4.1: Non-right Triangles: Law of Sines

Verbal

1) Describe the altitude of a triangle.

Answer: The altitude extends from any vertex to the opposite side or to the line containing the opposite side at a $90^{\circ}$ angle.

2) Compare right triangles and oblique triangles.

3) When can you use the Law of Sines to find a missing angle?

Answer: When the known values are the side opposite the missing angle and another side and its opposite angle.

4) In the Law of Sines, what is the relationship between the angle in the numerator and the side in the denominator?

5) What type of triangle results in an ambiguous case?

Answer: A triangle with two given sides and a non-included angle.

Algebraic

For the exercises 6-10, assume $\alpha$ is opposite side $a$ , $\beta$ is opposite side $b$ , and $\gamma$ is opposite side $c$ . Solve each triangle, if possible. Round each answer to the nearest tenth.

6) $\alpha =43^{\circ}, \gamma =69^{\circ}, a=20$

7) $\alpha =35^{\circ}, \gamma =73^{\circ}, c=20$

Answer: $\beta =72^{\circ}, a\approx 12.0, b\approx 19.9$

8) $\alpha =60^{\circ}, \beta =60^{\circ}, \gamma =60^{\circ}$

9) $a=4, \alpha =60^{\circ}, \beta =100^{\circ}$

Answer: $\gamma =20^{\circ}, b\approx 4.5, c\approx 1.6$

10) $b=10, \beta =95^{\circ}, \gamma =30^{\circ}$

11) Find side $b$ when $A=37^{\circ}, B=49^{\circ}, c=5$

Answer: $b\approx 3.78$

12) Find side $a$ when $A=132^{\circ}, C=23^{\circ}, b=10$

13) Find side $c$ when $B=37^{\circ}, C=21^{\circ}, b=23$

Answer: $c\approx 13.70$

For the exercises 14-23, assume $\alpha$ is opposite side $a$ , $\beta$ is opposite side $b$ , and $\gamma$ is opposite side $c$ . Determine whether there is no triangle, one triangle, or two triangles. Then solve each triangle, if possible. Round each answer to the nearest tenth.

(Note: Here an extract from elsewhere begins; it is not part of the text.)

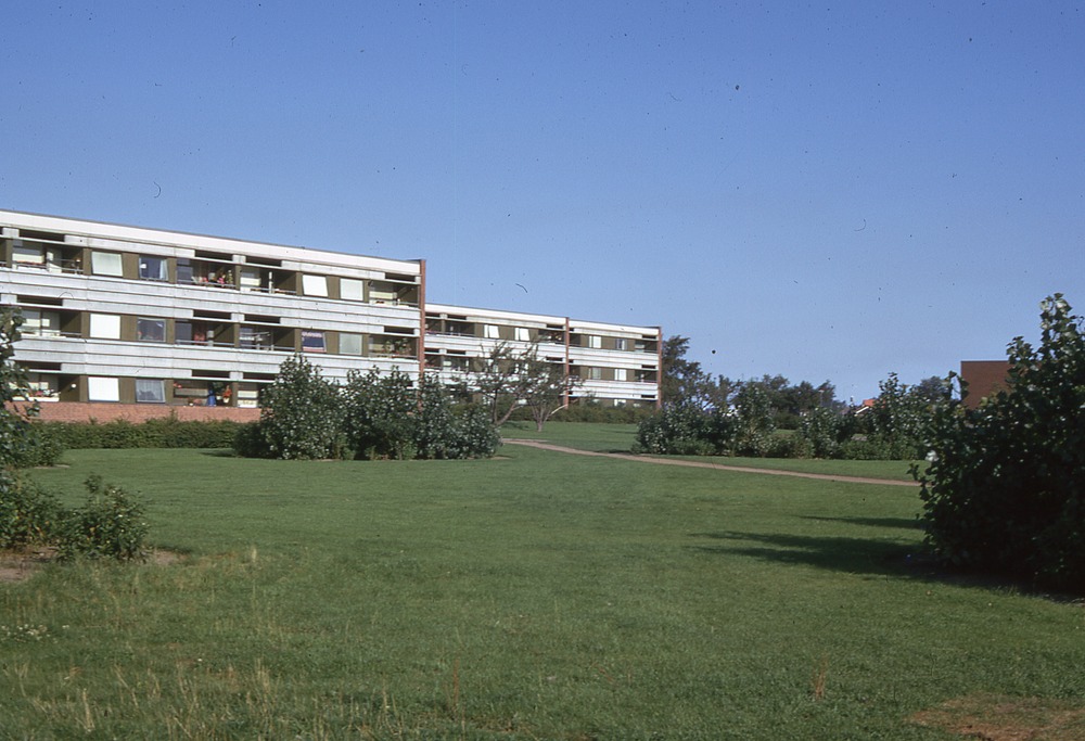 Bilder från stadsdelen Drottnoinghög. I förgrunden gräsmatta med grupper av buskar. I bakgrunden trevånhgshus, bostadshus.

14) $\alpha =119^{\circ}, a=14, b=26$

15) $\gamma =113^{\circ}, b=10, c=32$

Answer: one triangle, $\alpha \approx 50.3^{\circ}, \beta \approx 16.7^{\circ}, a\approx 26.7$

16) $b=3.5, c=5.3, \gamma =80^{\circ}$

17) $a=12, c=17, \alpha =35^{\circ}$

Answer: two triangles, $\gamma \approx 54.3^{\circ}, \beta \approx 90.7^{\circ}, b\approx 20.9$ or $\gamma '\approx 125.7^{\circ}, \beta '\approx 19.3^{\circ}, b'\approx 6.9$

18) $a=20.5, b=35.0, \beta =25^{\circ}$

19) $a=7, c=9, \alpha =43^{\circ}$

Answer: two triangles, $\beta \approx 75.7^{\circ}, \gamma \approx 61.3^{\circ}, b\approx 9.9$ or $\beta '\approx 18.3^{\circ}, \gamma '\approx 118.7^{\circ}, b'\approx 3.2$

20) $a=7, b=3, \beta =24^{\circ}$

21) $b=13, c=5, \gamma =10^{\circ}$

Answer: two triangles, $\alpha \approx 143.2^{\circ}, \beta \approx 26.8^{\circ}, a\approx 17.3$ or $\alpha '\approx 16.8^{\circ}, \beta '\approx 153.2^{\circ}, a'\approx 8.3$

22) $a=2.3, c=1.8, \gamma =28^{\circ}$

23) $\beta =119^{\circ}, b=8.2, a=11.3$

Answer: no triangle possible

For the exercises 24-26, use the Law of Sines to solve, if possible, the missing side or angle for each triangle or triangles in the ambiguous case. Round each answer to the nearest tenth.

24) Find angle $A$ when $a=24, b=5, B=22^{\circ}$

25) Find angle $A$ when $a=13, b=6, B=20^{\circ}$

Answer: $A\approx 47.8^{\circ}$ or $A'\approx 132.2^{\circ}$

26) Find angle $B$ when $A=12^{\circ}, a=2, b=9$

For the exercises 27-30, find the area of the triangle with the given measurements. Round each answer to the nearest tenth.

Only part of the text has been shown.